* _Problem to solve_: From the records below, output exactly the lines running from the line containing "6. Добавляем в" through the line containing "ベルト付 ワイドパンツ レディース", and no others.

* _Supplied records_:

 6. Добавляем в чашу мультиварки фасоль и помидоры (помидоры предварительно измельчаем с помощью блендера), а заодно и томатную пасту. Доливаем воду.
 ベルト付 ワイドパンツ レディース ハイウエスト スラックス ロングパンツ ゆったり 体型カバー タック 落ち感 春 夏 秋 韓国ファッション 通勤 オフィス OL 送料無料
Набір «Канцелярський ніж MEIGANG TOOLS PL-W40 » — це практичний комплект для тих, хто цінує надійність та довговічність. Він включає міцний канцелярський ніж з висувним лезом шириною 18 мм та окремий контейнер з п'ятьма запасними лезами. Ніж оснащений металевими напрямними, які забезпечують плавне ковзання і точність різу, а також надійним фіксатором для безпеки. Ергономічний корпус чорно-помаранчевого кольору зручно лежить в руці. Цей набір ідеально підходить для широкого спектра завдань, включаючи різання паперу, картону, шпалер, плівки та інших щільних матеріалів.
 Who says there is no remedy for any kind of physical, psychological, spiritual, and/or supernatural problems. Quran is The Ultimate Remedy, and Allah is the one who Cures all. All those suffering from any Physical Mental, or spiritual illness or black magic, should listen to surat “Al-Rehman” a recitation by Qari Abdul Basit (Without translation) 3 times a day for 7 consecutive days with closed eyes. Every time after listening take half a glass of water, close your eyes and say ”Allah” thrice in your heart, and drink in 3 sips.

...

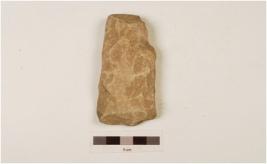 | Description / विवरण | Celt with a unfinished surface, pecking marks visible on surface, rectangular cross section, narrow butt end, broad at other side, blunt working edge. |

---

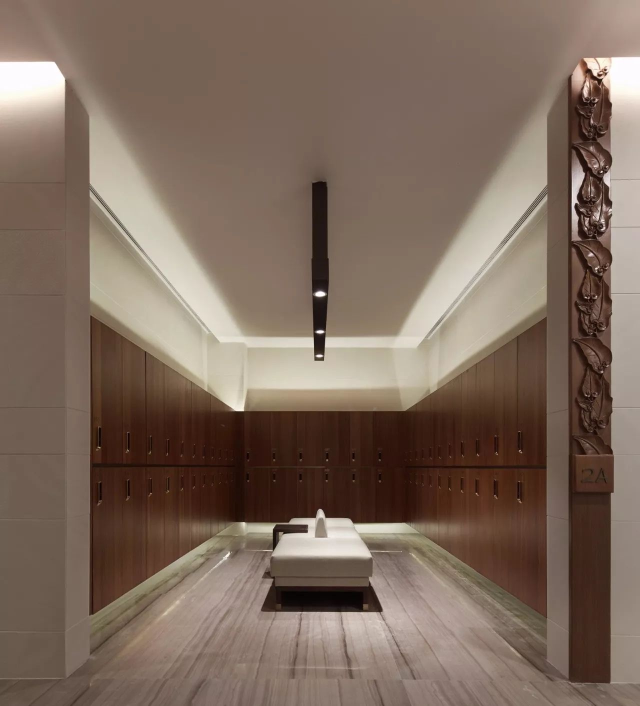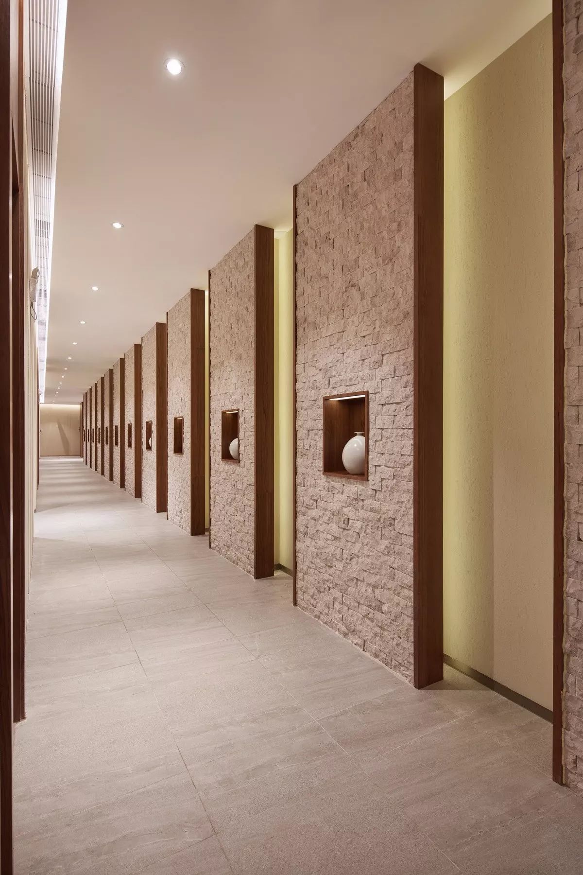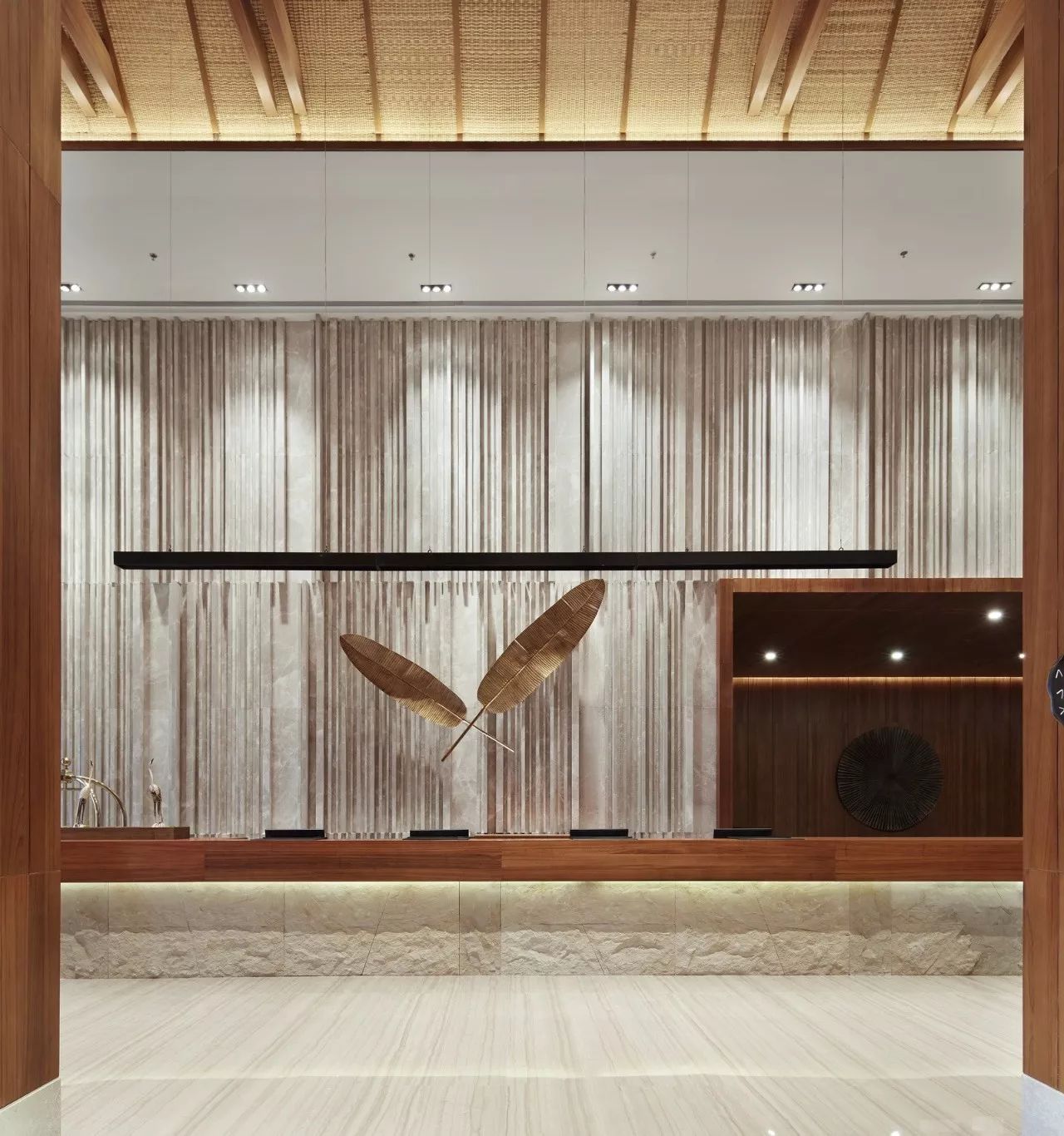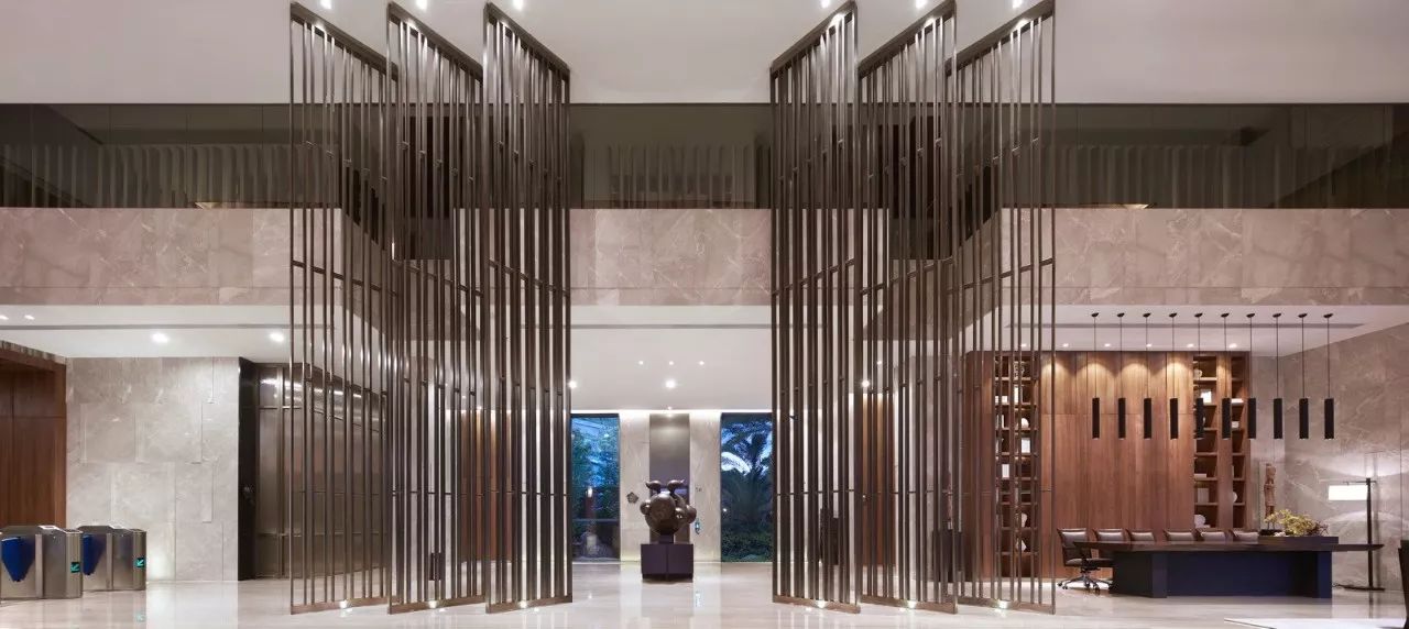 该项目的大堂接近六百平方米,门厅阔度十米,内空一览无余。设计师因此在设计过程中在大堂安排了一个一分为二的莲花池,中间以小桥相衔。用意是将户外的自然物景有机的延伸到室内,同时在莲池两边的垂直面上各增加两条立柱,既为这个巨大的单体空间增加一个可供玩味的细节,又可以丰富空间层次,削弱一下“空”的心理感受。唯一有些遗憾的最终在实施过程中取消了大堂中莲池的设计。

* _Task solution_:
 6. Добавляем в чашу мультиварки фасоль и помидоры (помидоры предварительно измельчаем с помощью блендера), а заодно и томатную пасту. Доливаем воду.
 ベルト付 ワイドパンツ レディース ハイウエスト スラックス ロングパンツ ゆったり 体型カバー タック 落ち感 春 夏 秋 韓国ファッション 通勤 オフィス OL 送料無料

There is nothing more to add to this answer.